For instance, the code below presents the visualized results of computing the absolute maximum value across multiple tokens specifically for the input of all 'q_proj' linear layers within DecoderLayers 0 and 1

lmdeploy quant_visualization draw \
    --modes 1  \
    --pretrained_model_name_or_path internlm/internlm-chat-7b \
    --work_dir work_dir \
    --use_input \
    --key absmax \
    --linear_name q_proj \
    --layers 0,1

Output:
image

  1. Draw the second type of plot which shows the relationship between activations and weights.
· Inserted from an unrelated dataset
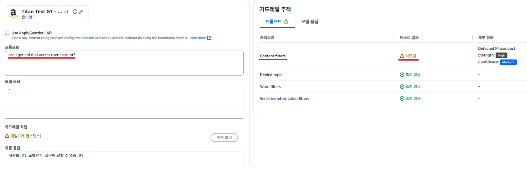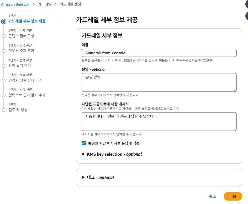 이번에는 bedrock guardrail 구성 및 테스트이다.

For instance, the code below presents the visualized results of the relationship between the input of all 'q_proj' linear layers within DecoderLayers 0 and 1, and their corresponding weights.

lmdeploy quant_visualization draw \
    --modes 2  \
    --pretrained_model_name_or_path internlm/internlm-chat-7b \
    --work_dir work_dir \
    --key absmax \
    --linear_name q_proj \
    --layers 0,1

image

  1. Draw the third type of plot which is a boxplot showing the absmax/absmean/max/mean/min value of the input or output of a linear layer at different layers.

For instance, the code below displays a boxplot showcasing the absolute maximum values computed across multiple tokens, specifically for the input of all 'q_proj' linear layers.

lmdeploy quant_visualization draw \
    --modes 3  \
    --pretrained_model_name_or_path internlm/internlm-chat-7b \
    --work_dir work_dir \
    --key absmax \
    --linear_name q_proj \
    --use_input

image

  1. Draw the fourth type of plot which shows the relationship between maximum and minimum values of activations.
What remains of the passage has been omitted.